Open
Description
Streamed Voice Agent Demo - Multiple Performance Issues
Description
The streamed voice agent demo is experiencing several critical issues that affect its usability and functionality:
- High Latency: There is a significant delay (3-4 seconds) before receiving responses.
- Language Switching: The agent randomly switches to Spanish during conversations.
- Over-sensitivity: The agent frequently detects speech and provides incorrect descriptions even when no one is speaking.

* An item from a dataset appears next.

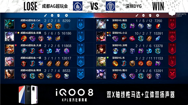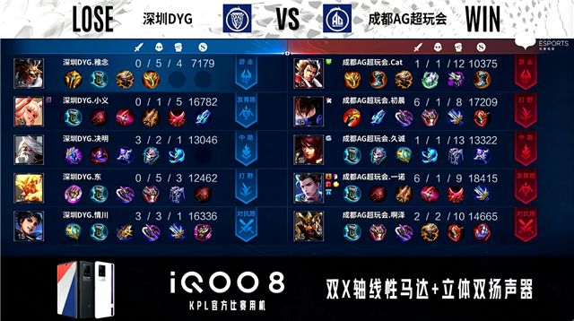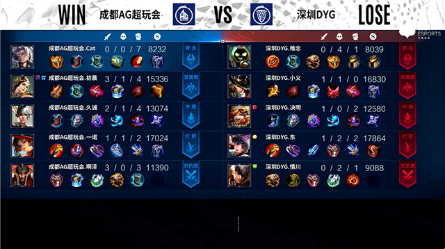双方常规开局。2分19秒深圳DYG拿下暴君。3分43秒成都AG中路击杀云缨拿到一血。4分05秒成都AG发育路击杀鲁班七号。5分27秒成都AG发育路击杀嬴政。6分30秒成都AG拿下暴君,团战成都AG打出2换4。7分03秒成都AG摧毁敌方中路外塔。10分08秒成都AG摧毁敌方发育路二塔。20分29秒成都AG拿下暗影暴君。10分42秒成都AG摧毁敌方对抗路二塔。11分53秒成都AG拿下暗影主宰。14分37秒成都AG拿下暗影暴君。16分08秒成都AG拿下暗影主宰。17分56秒成都AG发育路击杀蒙恬并摧毁敌方发育路高地塔。18分48秒成都AG拿下暗影暴君。20分56秒龙王处团战成都AG打出1换4。21分28秒成都AG摧毁敌方水晶拿下比赛。
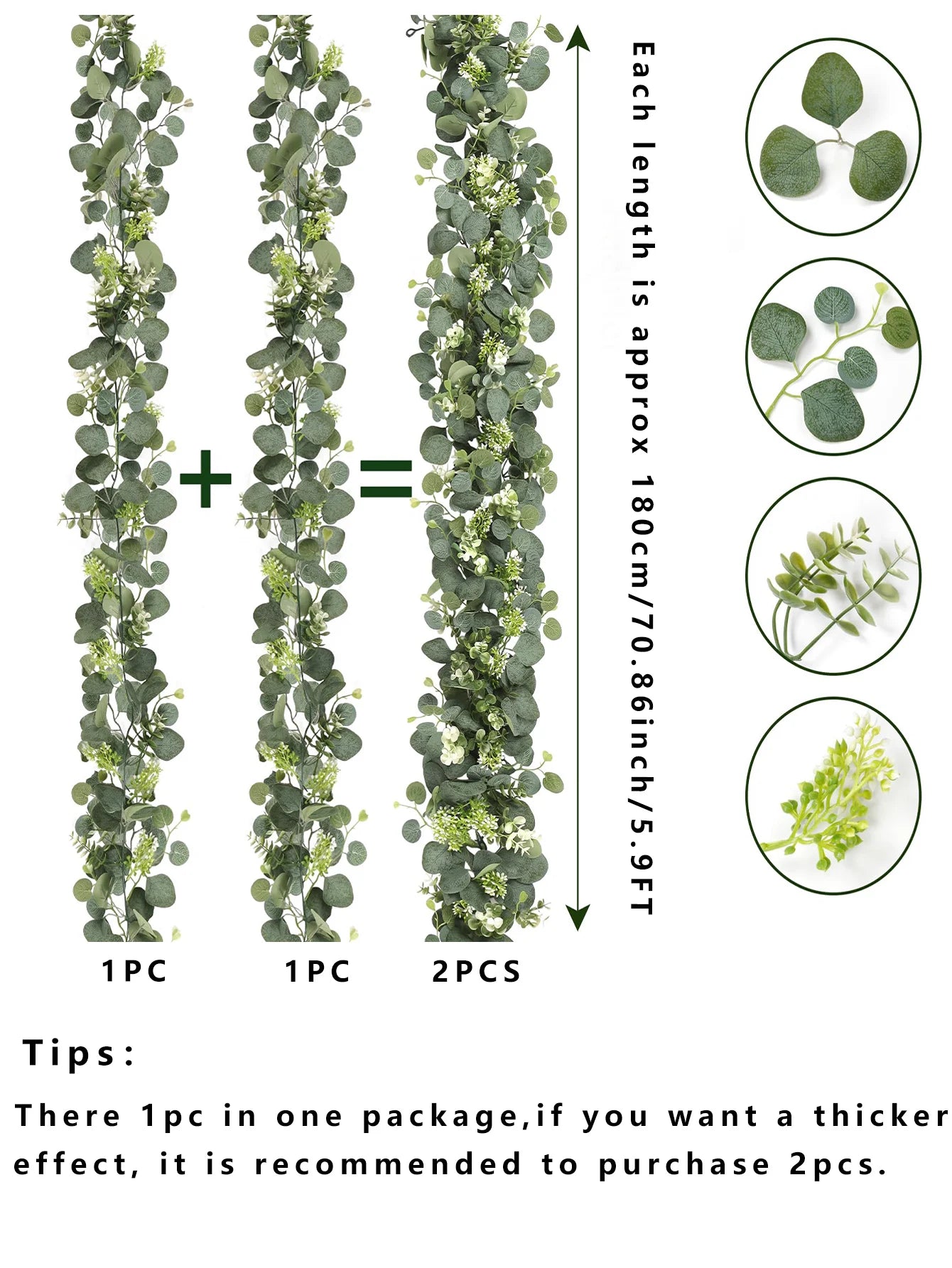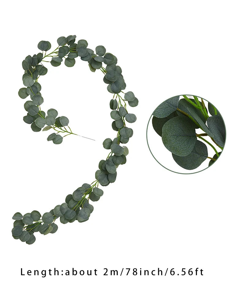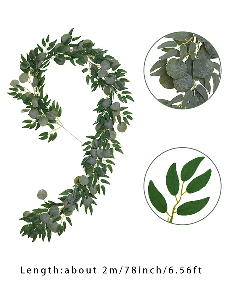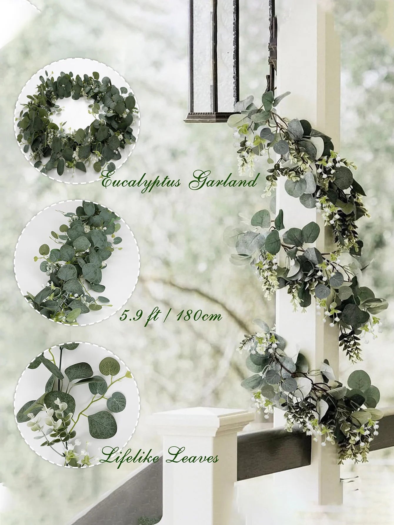1 Stück künstliche Eukalyptusgirlande mit weißen Blumen und Beeren

- Interruption Issues: The agent cannot be interrupted despite
semantic_vad
apparently being implemented in the code.
Steps to Reproduce
- Launch the streamed voice agent demo
- Attempt to engage in conversation with the agent
- Observe the delay between speaking and receiving a response
- Continue conversation for several exchanges to observe language switching
- Remain silent for periods to observe false speech detection
- Try to interrupt the agent while it's speaking
Expected Behavior
- Responses should begin within 1 second of user input
- The agent should maintain the initially selected language throughout the conversation
- Speech detection should only activate when actual speech is present
- The
semantic_vad
feature should allow interruption of the agent's responses
Actual Behavior
- Responses take 3-4 seconds to begin after user input
- The agent randomly switches to Spanish during English conversations
- The agent frequently reports detecting speech and provides descriptions when no one is speaking
- The agent cannot be interrupted despite the apparent implementation of
semantic_vad
Technical Details
From code inspection, semantic_vad
appears to be implemented but is not functioning as expected. This suggests a potential issue with how the feature is integrated or configured in the current build.
Additional Notes
These issues significantly impact the user experience and demonstration value of the agent. The latency and language switching problems are particularly disruptive during presentations.
Possible Solutions
- Investigate streaming optimization to reduce latency
- Check language model configuration for potential causes of language switching
- Adjust speech detection sensitivity parameters
- Review
semantic_vad
implementation to ensure proper configuration
Priority
High - These issues prevent effective demonstration of the voice agent's capabilities.